▸ **Required work**:
Pictures do not belong in your copy. Repeat all the other data exactly.

-=-=-

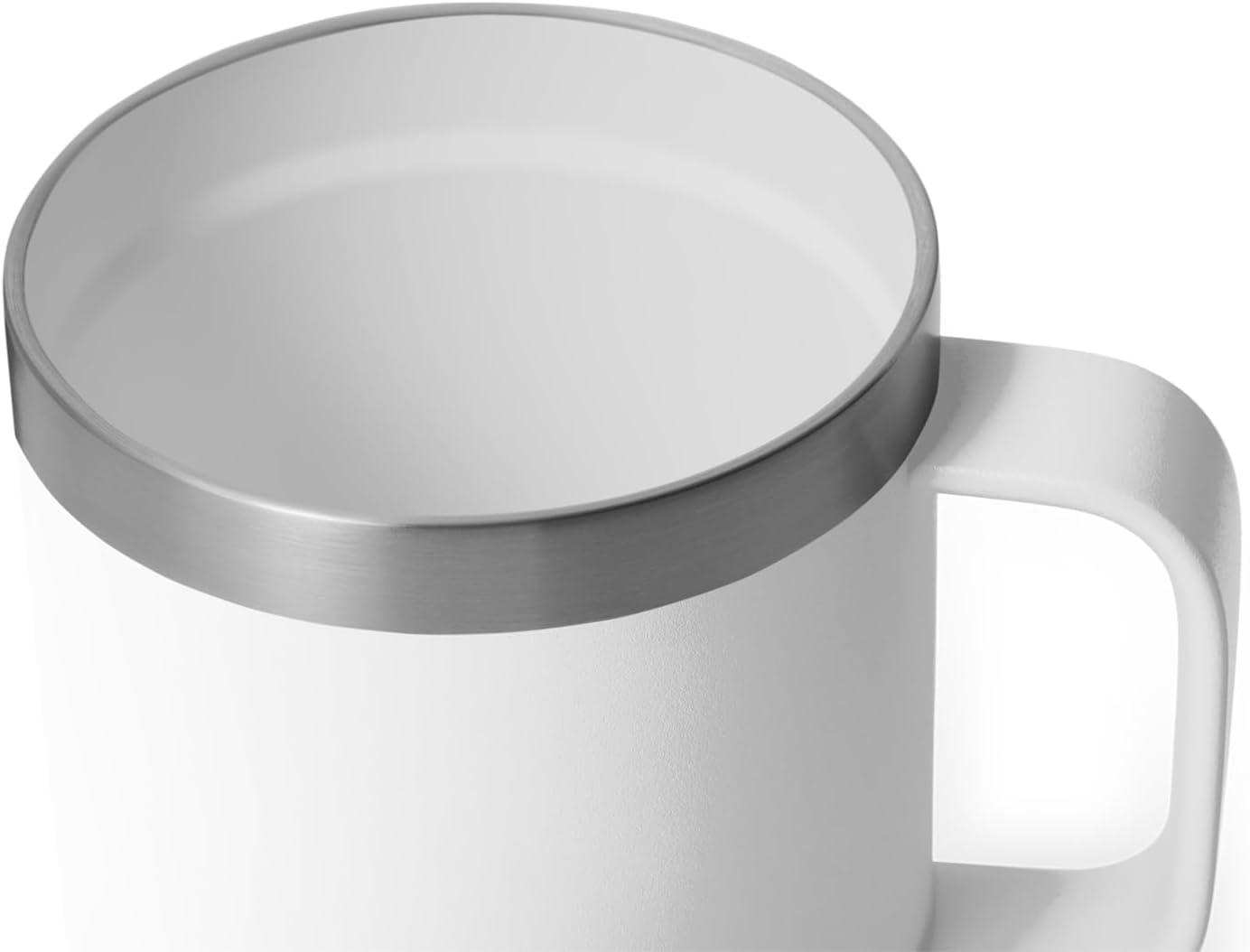 The YETI 10 oz. Rambler Mug stands 4 inches high and has a lip diameter of 3.5 inches, and with the handle its almost 5 inches’ wide
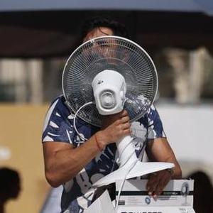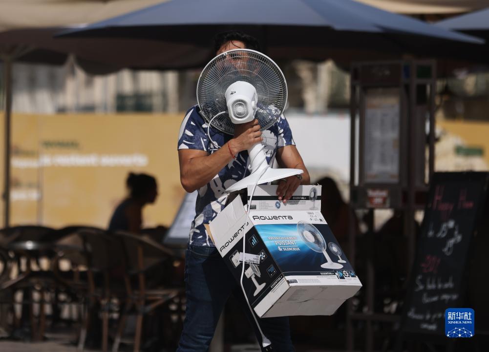 7月19日,一名男子搬着电风扇走在法国南部城市蒙彼利埃街头。
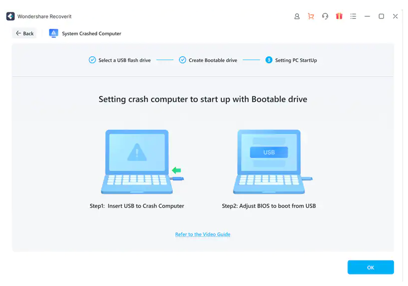 1、安裝萬興恢復專家后,啟動程序并從恢復選項“從崩潰計算機中恢復”模式,單擊下一個窗口上的“開始”按鈕。
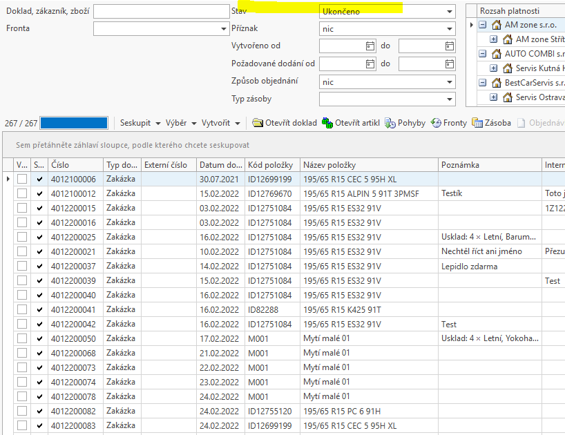 Pokud si zde zobrazíte všechny položky k výdeji/fakturaci, v základním zobrazení se Vám zobrazí pod sebou všechny položky k výdeji/fakturaci.
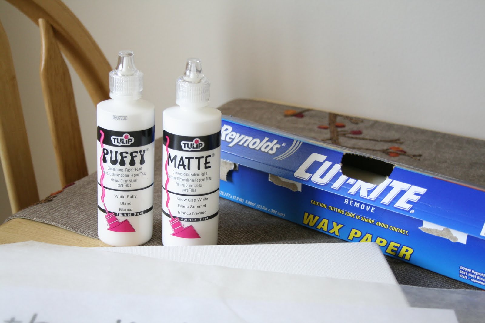 Далее вощеная клеенка закрепляется на столе скотчем и начинаем писать специальными объемными красками (ниже есть фото) или можно попробовать белый герметик, жидкие гвозди.

-=-=-

▸ **Output for this exercise**:
 The YETI 10 oz. Rambler Mug stands 4 inches high and has a lip diameter of 3.5 inches, and with the handle its almost 5 inches’ wide
 7月19日,一名男子搬着电风扇走在法国南部城市蒙彼利埃街头。
 1、安裝萬興恢復專家后,啟動程序并從恢復選項“從崩潰計算機中恢復”模式,單擊下一個窗口上的“開始”按鈕。
 Pokud si zde zobrazíte všechny položky k výdeji/fakturaci, v základním zobrazení se Vám zobrazí pod sebou všechny položky k výdeji/fakturaci.
 Далее вощеная клеенка закрепляется на столе скотчем и начинаем писать специальными объемными красками (ниже есть фото) или можно попробовать белый герметик, жидкие гвозди.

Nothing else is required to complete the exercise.